Weird probabilities of non-transitive "Grime Dice"
Michael de Podesta has been doing the math on "Grime Dice" -- six sided cubes whose sides average out to 3.5, but whose face values are all radically different:
The interesting thing about these is that the odds of one die beating another are simple to calculate, but shift radically once you start rolling dice in pairs. It's a beautiful piece of counterintuitive probability math:
The amazing property of these dice is discernible when you use them competitively – i.e. you roll one dice against another. If you roll each of them against a normal dice then as you might expect, each dice will win as often as it will lose. But if you roll them against each other something amazing happens.
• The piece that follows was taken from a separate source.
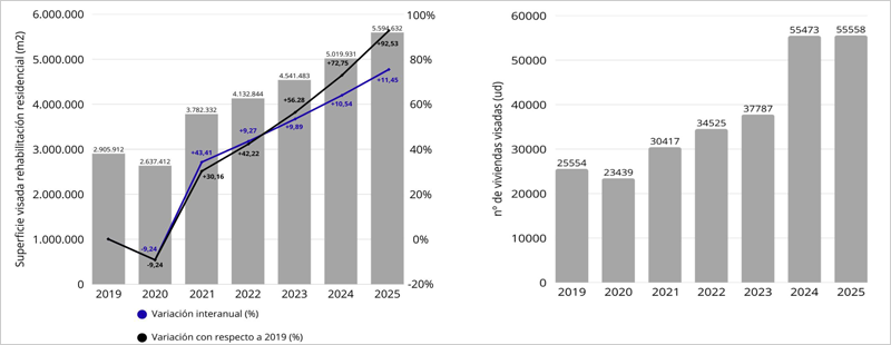 El informe destaca que la actividad del sector alcanzó un volumen de 50.461,76 millones de euros en 2023, mostrando un crecimiento sostenido año tras año. Además, se estima que el número de viviendas con visado de rehabilitación alcanzó 55.558 unidades en 2025, lo que evidencia la expansión proyectada del sector.

- Dice A will systematically beat Dice B
- Dice B will systematically beat Dice C
- Dice C will systematically beat Dice A
So the fact that Dice A beats Dice B, and Dice B beats Dice C does not ensure that Dice A will beat Dice C. Wow!
And how about this: If you ‘double up’ and roll 2 Dice A‘s against 2 Dice B‘s – the odds change around and now the B‘s will beat the A‘s ! Is that really possible? Well yes, and just to convince myself I wrote a Spreadsheet (.xlsx file) and generated the tables at the bottom of the article. If you download it you can change the numbers to try out other combinations.